- **Assigned task**
Below are some records. Write out exactly their lines from the one with "正夫口腔援助湖北武汉抗疫英雄" through the one with "Matilda Jane Women's", and leave the pictures behind.

** Opening Listed records block **

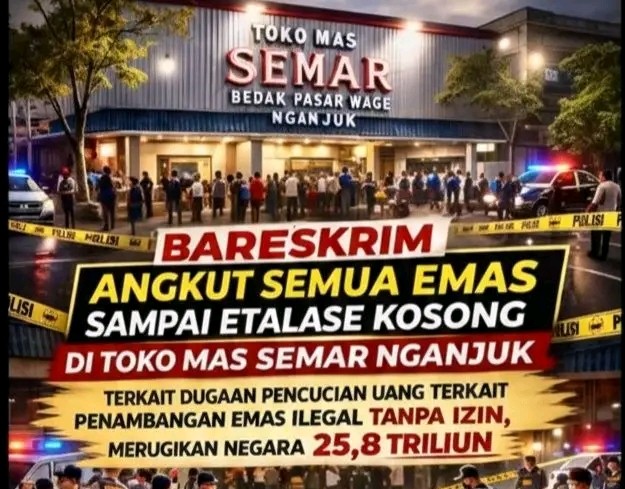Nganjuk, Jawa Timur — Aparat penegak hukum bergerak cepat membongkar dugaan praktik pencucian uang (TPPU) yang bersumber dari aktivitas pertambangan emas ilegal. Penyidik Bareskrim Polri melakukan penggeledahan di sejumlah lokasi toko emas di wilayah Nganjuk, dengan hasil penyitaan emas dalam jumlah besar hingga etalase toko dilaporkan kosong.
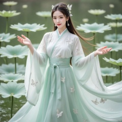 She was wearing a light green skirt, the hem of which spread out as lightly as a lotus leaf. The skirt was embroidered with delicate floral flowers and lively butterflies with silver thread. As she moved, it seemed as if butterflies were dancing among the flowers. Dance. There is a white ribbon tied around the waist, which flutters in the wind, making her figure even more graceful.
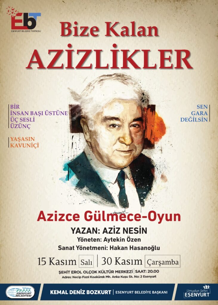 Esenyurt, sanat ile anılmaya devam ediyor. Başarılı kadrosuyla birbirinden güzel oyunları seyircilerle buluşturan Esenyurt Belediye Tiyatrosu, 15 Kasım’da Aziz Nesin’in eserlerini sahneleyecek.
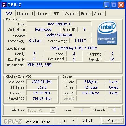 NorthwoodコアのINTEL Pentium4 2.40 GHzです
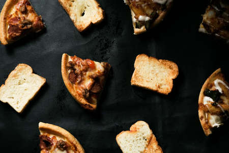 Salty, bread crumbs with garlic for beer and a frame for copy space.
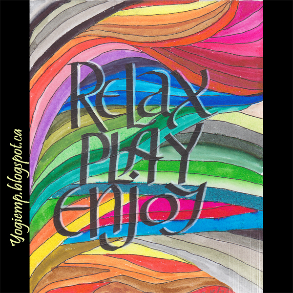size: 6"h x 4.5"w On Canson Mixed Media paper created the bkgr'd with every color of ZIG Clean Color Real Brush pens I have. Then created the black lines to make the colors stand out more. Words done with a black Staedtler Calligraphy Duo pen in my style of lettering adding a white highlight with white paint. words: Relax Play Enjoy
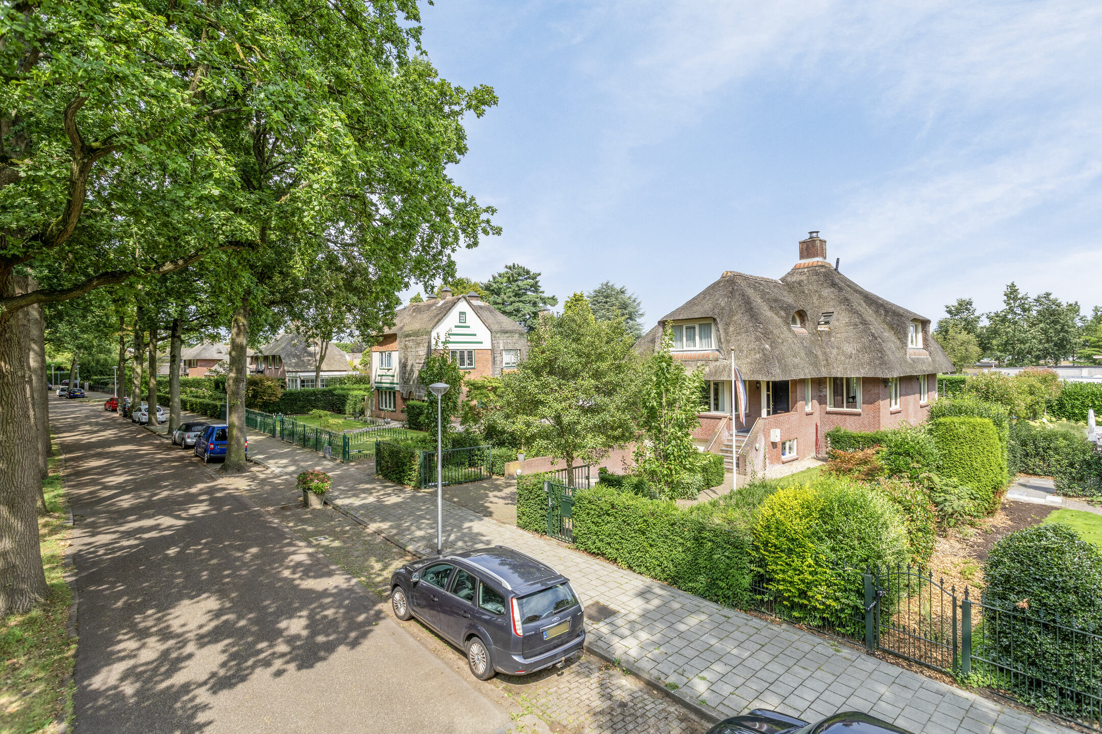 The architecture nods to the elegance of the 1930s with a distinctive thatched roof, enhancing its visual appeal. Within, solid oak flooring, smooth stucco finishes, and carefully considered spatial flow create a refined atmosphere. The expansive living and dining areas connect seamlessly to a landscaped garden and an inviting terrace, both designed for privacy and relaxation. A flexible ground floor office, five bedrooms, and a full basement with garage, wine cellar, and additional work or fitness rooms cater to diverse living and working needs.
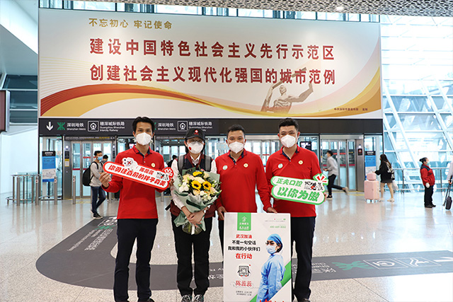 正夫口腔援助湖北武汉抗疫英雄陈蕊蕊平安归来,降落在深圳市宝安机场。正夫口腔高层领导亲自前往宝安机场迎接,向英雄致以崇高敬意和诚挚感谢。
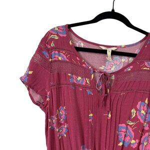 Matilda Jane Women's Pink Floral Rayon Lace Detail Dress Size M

** Closing Listed records block **
** Opening Listed records block **

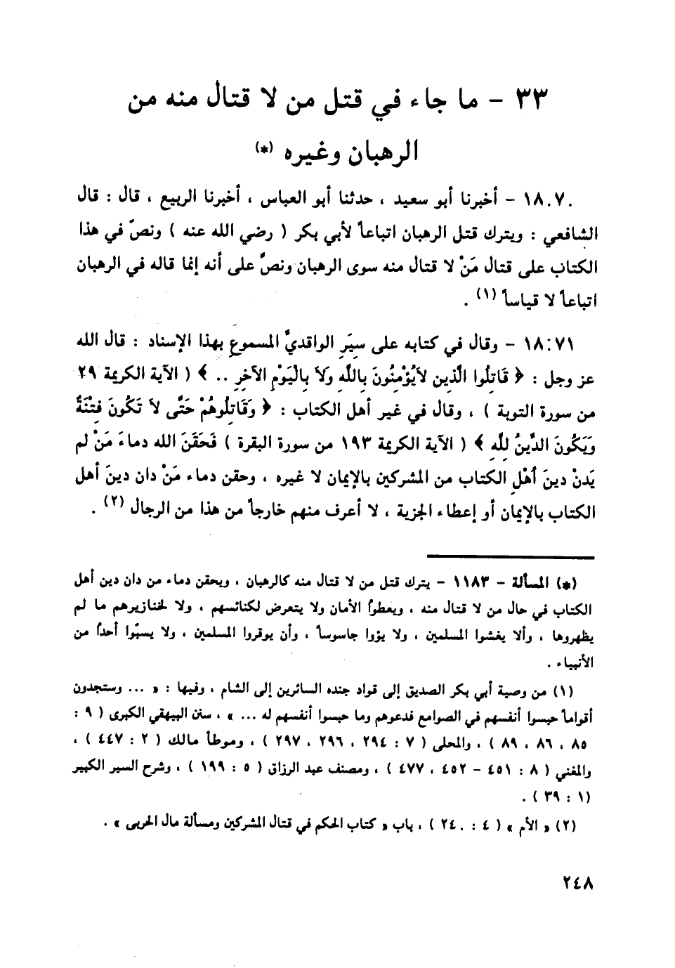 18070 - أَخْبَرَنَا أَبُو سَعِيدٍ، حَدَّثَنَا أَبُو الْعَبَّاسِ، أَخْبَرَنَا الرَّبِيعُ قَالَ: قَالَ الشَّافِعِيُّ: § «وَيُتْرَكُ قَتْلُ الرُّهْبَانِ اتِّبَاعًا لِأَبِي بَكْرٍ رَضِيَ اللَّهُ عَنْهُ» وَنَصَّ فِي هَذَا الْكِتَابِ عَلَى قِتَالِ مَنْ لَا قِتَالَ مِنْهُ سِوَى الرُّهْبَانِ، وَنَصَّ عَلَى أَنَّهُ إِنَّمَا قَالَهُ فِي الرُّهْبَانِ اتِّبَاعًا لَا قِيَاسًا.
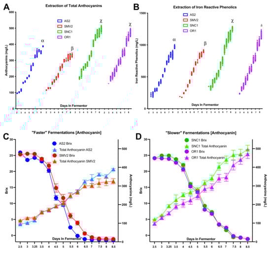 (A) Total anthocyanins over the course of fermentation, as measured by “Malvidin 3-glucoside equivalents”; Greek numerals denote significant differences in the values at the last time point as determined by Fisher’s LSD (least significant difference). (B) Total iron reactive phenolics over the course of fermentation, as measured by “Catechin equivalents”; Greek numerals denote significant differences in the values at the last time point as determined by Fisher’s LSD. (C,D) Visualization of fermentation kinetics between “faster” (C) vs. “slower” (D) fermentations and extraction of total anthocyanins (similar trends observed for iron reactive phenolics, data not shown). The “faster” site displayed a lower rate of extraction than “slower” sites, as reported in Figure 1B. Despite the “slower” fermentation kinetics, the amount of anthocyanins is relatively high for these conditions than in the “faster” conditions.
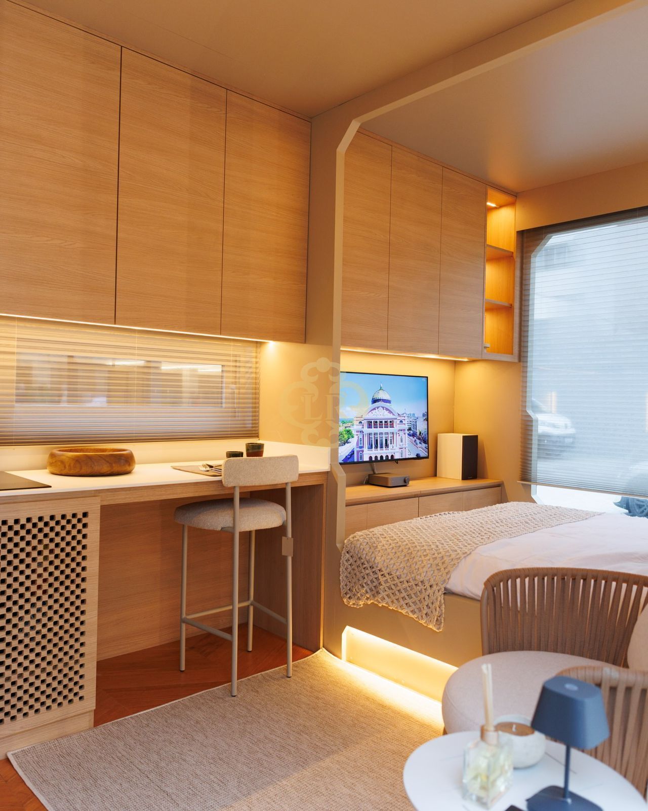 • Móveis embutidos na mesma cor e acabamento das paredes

** Closing Listed records block **
** Opening Listed records block **

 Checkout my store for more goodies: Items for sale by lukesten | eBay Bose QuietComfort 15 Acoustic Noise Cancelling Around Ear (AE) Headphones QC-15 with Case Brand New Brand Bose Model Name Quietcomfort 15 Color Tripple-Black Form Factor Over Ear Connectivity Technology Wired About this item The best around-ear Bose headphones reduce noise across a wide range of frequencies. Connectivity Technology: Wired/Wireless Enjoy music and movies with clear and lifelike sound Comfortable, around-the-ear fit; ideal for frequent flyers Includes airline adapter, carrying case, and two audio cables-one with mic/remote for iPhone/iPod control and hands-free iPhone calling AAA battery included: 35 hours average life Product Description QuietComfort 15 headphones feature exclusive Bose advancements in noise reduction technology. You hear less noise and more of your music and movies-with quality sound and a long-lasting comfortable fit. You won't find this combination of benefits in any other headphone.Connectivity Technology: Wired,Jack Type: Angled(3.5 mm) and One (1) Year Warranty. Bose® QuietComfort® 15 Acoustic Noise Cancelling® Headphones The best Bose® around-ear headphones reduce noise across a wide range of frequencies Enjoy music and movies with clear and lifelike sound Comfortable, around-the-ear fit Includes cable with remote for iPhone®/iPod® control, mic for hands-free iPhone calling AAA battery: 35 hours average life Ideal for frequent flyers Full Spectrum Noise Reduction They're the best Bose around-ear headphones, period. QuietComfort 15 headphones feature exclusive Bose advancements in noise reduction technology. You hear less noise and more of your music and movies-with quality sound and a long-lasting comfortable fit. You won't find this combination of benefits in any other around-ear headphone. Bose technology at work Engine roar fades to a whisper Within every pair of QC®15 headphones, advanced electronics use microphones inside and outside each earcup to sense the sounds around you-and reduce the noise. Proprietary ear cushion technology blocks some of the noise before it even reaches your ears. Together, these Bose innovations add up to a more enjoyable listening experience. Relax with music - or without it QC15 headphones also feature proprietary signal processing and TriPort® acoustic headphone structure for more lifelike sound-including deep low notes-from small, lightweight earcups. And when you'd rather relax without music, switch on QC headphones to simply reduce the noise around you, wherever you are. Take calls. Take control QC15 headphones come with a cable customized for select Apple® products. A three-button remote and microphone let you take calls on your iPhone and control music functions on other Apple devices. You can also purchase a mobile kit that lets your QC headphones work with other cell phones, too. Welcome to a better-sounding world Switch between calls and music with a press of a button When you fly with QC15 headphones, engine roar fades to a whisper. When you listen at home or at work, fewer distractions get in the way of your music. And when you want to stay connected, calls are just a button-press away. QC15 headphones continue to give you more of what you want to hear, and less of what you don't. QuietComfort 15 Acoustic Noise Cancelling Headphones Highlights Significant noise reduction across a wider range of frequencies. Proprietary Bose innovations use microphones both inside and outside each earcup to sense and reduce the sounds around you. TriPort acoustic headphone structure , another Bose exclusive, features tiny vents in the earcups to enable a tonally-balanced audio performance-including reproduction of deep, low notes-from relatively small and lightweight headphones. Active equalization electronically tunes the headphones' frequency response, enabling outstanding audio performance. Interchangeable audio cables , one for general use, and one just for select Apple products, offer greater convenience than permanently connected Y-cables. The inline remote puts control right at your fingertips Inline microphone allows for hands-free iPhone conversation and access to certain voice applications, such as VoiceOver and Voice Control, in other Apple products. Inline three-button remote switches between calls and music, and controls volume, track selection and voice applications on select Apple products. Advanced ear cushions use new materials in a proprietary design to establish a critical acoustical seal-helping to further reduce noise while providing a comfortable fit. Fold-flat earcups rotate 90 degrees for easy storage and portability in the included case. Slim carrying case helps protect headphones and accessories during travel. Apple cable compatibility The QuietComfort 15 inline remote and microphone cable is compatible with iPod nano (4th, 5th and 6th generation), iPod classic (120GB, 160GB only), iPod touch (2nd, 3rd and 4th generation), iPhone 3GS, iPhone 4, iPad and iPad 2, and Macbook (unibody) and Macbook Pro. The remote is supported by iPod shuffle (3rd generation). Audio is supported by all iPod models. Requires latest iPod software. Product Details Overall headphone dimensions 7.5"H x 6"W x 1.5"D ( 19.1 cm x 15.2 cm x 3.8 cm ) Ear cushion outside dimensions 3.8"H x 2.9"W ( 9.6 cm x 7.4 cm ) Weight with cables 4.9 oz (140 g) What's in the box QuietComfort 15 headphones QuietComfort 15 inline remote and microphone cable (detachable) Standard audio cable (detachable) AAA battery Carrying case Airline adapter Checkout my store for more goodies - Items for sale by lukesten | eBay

** Closing Listed records block **

- **Exercise answer**
 正夫口腔援助湖北武汉抗疫英雄陈蕊蕊平安归来,降落在深圳市宝安机场。正夫口腔高层领导亲自前往宝安机场迎接,向英雄致以崇高敬意和诚挚感谢。
 Matilda Jane Women's Pink Floral Rayon Lace Detail Dress Size M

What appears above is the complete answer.